Rules for a Commonwealth Journalist

by follyofyouth



Category: Fallout 4
Genre: Friendship, Gen, journalistic ethics are hard, piper muses on her professional choices
Language: English
Status: Completed
Published: 2017-05-09
Updated: 2017-05-09
Packaged: 2018-10-29 18:50:03
Rating: General Audiences
Warnings: No Archive Warnings Apply
Chapters: 1
Words: 4,010
Publisher: archiveofourown.org
Story URL: https://archiveofourown.org/works/10859934
Author URL: https://archiveofourown.org/users/follyofyouth/pseuds/follyofyouth
Summary: Written for the Reverse Fallout Big Bang. Piper Wright reflects on how her life has changed since meeting the Sole Survivor.
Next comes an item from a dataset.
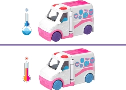 Denne mini-ambulance inspireret af BARBIE-universet bringer masser af leg i et lille format. Når køretøjet åbnes, forvandles det til en lille klinik, hvor minidukken kan tage sig af patienter, sidde på det drejelige sæde og fortælle sine egne redningshistorier. Takket være de kompakte dimensioner er sættet ideelt både hjemme og på farten.

	Rules for a Commonwealth Journalist

**Author's Note:**

> This piece was written to accompany Arianna's piece featured below. Check out more of her work on Tumblr and learn more about her Sole Survivor, Gene, by visiting vkm11.tumblr.com/

Piper Wright is not what one might all a fan of nature. She has spent ample time in the Commonwealth’s surprisingly vast, often heavily irradiated wilderness and she can, with no shortage of certainty, assure you that she is not cut out for nature. Diamond City may be no picnic, but at least there she knows what to expect. Besides, these days, with the Institute gone, it almost passes for hospitable.

But she’s getting ahead of herself.

The first lesson of journalism is that you hitch your horse to the best story you find. You want a story that’s relevant, that’s compelling, that will give you enough room to maneuver if one of your sources turns up dead, a bloated corpse in Boston Harbor. It’s those stories, the big flashy ones, that keep a journalist in business, that keep a roof over her head, and ink on her presses.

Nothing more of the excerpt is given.